Unfortunately, if this is what’s making your attic stink, you have to wait it out. There’s nothing you can do to make the smell go away, no quick fix. Sanitize, then wait. You may be able to get a pest control professional to help, however.

Can a gas leak smell like cat urine?

No, a natural gas leak doesn’t smell like cat urine. In fact, natural gas alone is odorless. An additive gives it a somewhat pungent scent that’s more like sulfur in some ways so people can detect a gas leak by the scent.

Freon odors

There is another possibility, however: Freon refrigerant. Many people have reported that the gas Freon smells like cat pee to them among other things like paint stripper, nail polish remover, or classic ammonia.

The variation in smells depends on the person and the chemical makeup of the Freon gas and what was mixed with it as Freon is often mixed with a lubricant and also a leak detection chemical in some cases.

Freon can leak from heat pumps and air conditioners so if you do smell something resembling cat urine in your attic or anywhere in your house, it’s best to call an HVAC specialist to check for leaks in your duct system.

Mold scent

Toxic black mold in a damp, musty area can also smell like cat urine so make sure to cover all potentialities. Dampness and high humidity encourage the growth of mildew or mold which has a tendency to have a musky, funky scent that may seem like a cat urine smell to some.
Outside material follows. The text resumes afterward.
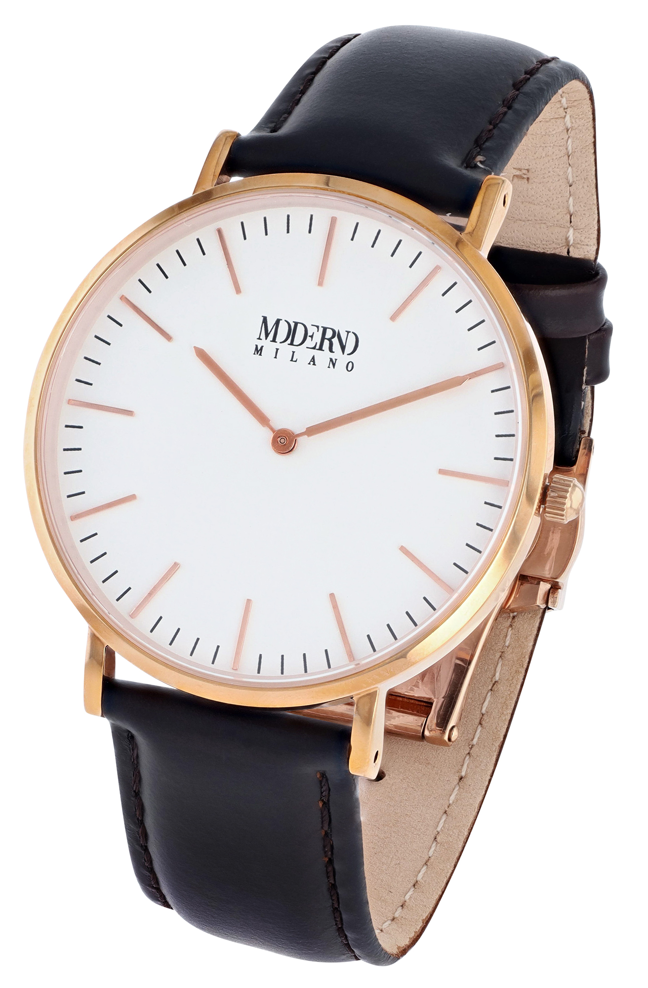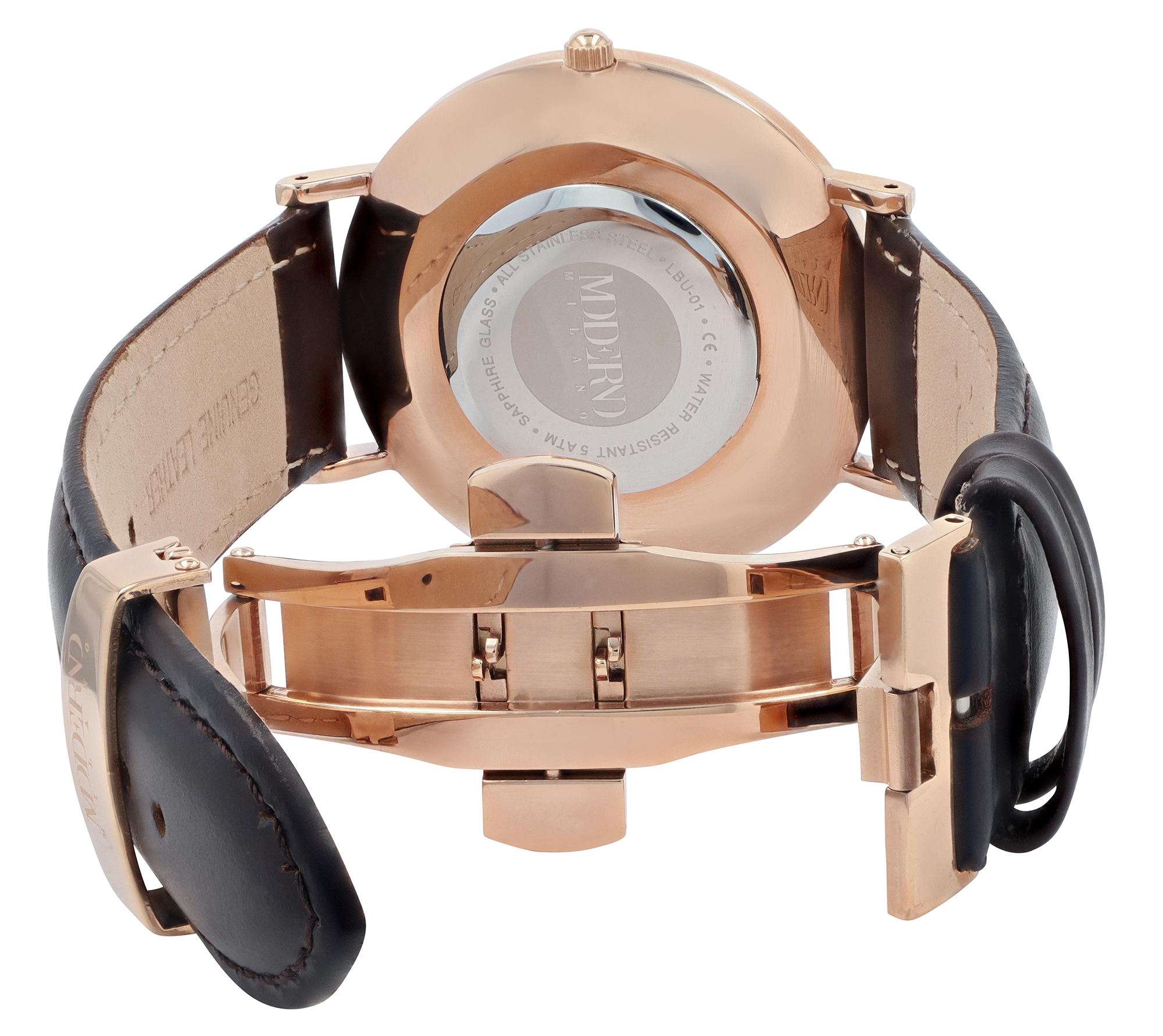 Produktinformationen "Moderno Milano Edelstahl Herrennuhr Ø 41 mm, Echtlederband, Saphirglas, dunkelbraun/ rosegoldfarben"

Why does my house smell bad after a vacation?

If you’re only gone for a weekend the chances are your house will smell a bit closed up but it won’t smell bad. However, if you’re gone for a few weeks or a month or so you may wonder why on earth your entire house smells weird after you come back.

  • If your house smells musty and stale the main reason is due to lack of air circulation. It shouldn’t be a terrible smell, but it’s not pleasant. Don’t worry if your home has a musty odor when you get back after an absence; it should disappear within a few hours or a day. If the smell is more than just a musty, stale absence of fresh air, you may have another problem.
  • Because of the lack of airflow during your absence, moisture-rich environments like bathrooms, laundry rooms, or kitchens could potentially grow mold during a long absence so the musty odor you’re smelling could be mold.
  • Old foods or garbage that weren’t disposed of are sources of odors over time.

To see whether it’s a mold issue, a gas leak, or just normal staleness from lack of airflow, you can turn the air conditioning up, open doors and windows, and see whether anything changes or goes away the first few hours you’re back home.

A gas leak is a potentially hazardous problem so you may want to check on that first before airing out the house.